- Opening Delimiter -

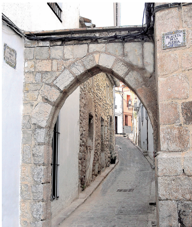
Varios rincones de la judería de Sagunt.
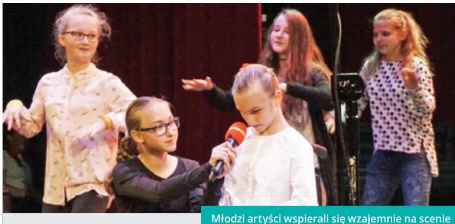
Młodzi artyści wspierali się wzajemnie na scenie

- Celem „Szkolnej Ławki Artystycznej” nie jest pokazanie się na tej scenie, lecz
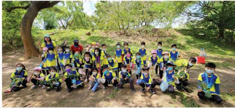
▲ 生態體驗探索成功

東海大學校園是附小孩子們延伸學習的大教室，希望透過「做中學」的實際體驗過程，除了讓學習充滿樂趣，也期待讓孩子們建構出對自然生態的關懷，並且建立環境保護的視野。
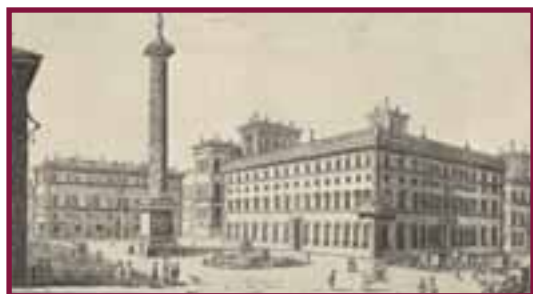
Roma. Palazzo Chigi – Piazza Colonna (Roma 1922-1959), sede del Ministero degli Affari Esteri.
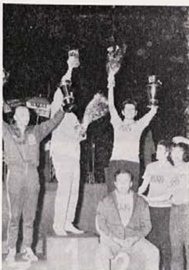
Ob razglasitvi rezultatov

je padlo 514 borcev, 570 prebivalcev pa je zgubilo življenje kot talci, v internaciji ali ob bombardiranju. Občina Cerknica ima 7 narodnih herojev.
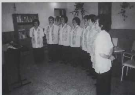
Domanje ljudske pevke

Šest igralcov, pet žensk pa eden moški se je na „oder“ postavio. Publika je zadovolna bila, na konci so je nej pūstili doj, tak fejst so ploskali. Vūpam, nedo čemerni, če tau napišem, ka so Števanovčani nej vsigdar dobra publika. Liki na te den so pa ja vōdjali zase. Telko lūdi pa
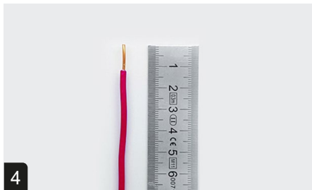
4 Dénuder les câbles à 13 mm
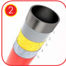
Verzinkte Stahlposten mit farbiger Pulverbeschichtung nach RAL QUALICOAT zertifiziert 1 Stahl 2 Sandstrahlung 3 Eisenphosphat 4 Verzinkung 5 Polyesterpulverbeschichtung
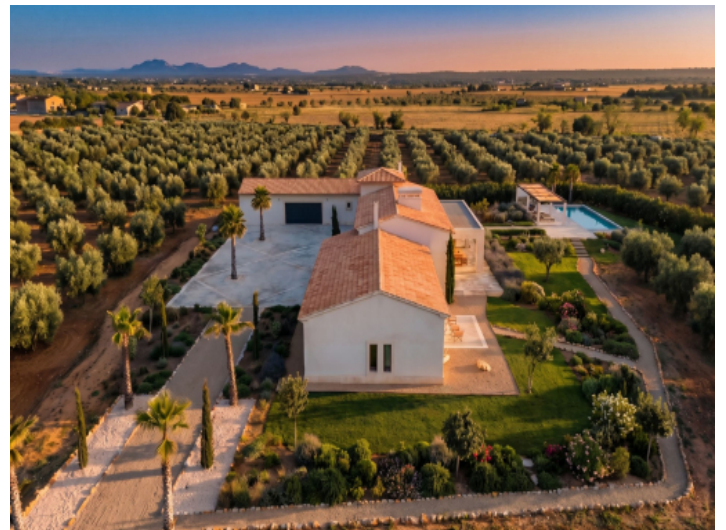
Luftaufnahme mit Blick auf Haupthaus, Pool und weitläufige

- Closing Delimiter -
- Opening Delimiter -

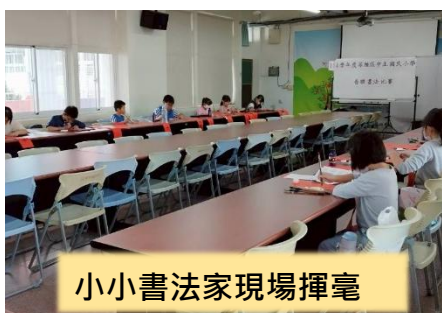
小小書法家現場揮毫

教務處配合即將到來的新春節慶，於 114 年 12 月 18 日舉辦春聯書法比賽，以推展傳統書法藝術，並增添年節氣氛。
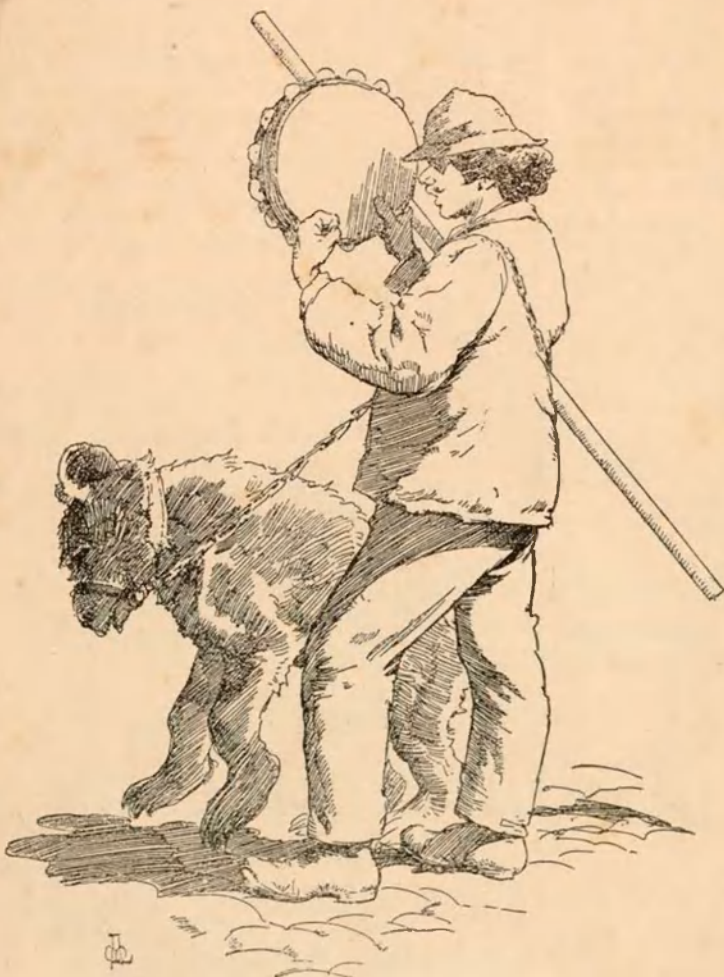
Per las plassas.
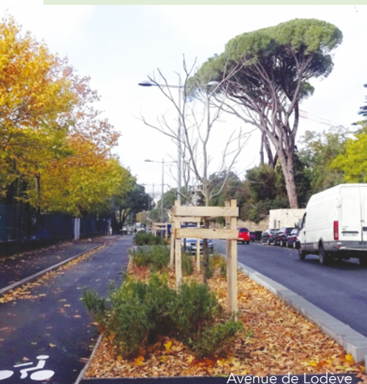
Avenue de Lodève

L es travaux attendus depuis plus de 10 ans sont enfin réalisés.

- Closing Delimiter -

▶ [EXERCISE GOAL]:
Output exactly the lines above, beginning at the one with "東海大學校園是附小孩子們延伸" and stopping after the one with "Luftaufnahme mit Blick". Pictures are to be omitted.

▶ [RESULT FOR THIS TASK]:
東海大學校園是附小孩子們延伸學習的大教室，希望透過「做中學」的實際體驗過程，除了讓學習充滿樂趣，也期待讓孩子們建構出對自然生態的關懷，並且建立環境保護的視野。
Roma. Palazzo Chigi – Piazza Colonna (Roma 1922-1959), sede del Ministero degli Affari Esteri.
Ob razglasitvi rezultatov

je padlo 514 borcev, 570 prebivalcev pa je zgubilo življenje kot talci, v internaciji ali ob bombardiranju. Občina Cerknica ima 7 narodnih herojev.
Domanje ljudske pevke

Šest igralcov, pet žensk pa eden moški se je na „oder“ postavio. Publika je zadovolna bila, na konci so je nej pūstili doj, tak fejst so ploskali. Vūpam, nedo čemerni, če tau napišem, ka so Števanovčani nej vsigdar dobra publika. Liki na te den so pa ja vōdjali zase. Telko lūdi pa
4 Dénuder les câbles à 13 mm
Verzinkte Stahlposten mit farbiger Pulverbeschichtung nach RAL QUALICOAT zertifiziert 1 Stahl 2 Sandstrahlung 3 Eisenphosphat 4 Verzinkung 5 Polyesterpulverbeschichtung
Luftaufnahme mit Blick auf Haupthaus, Pool und weitläufige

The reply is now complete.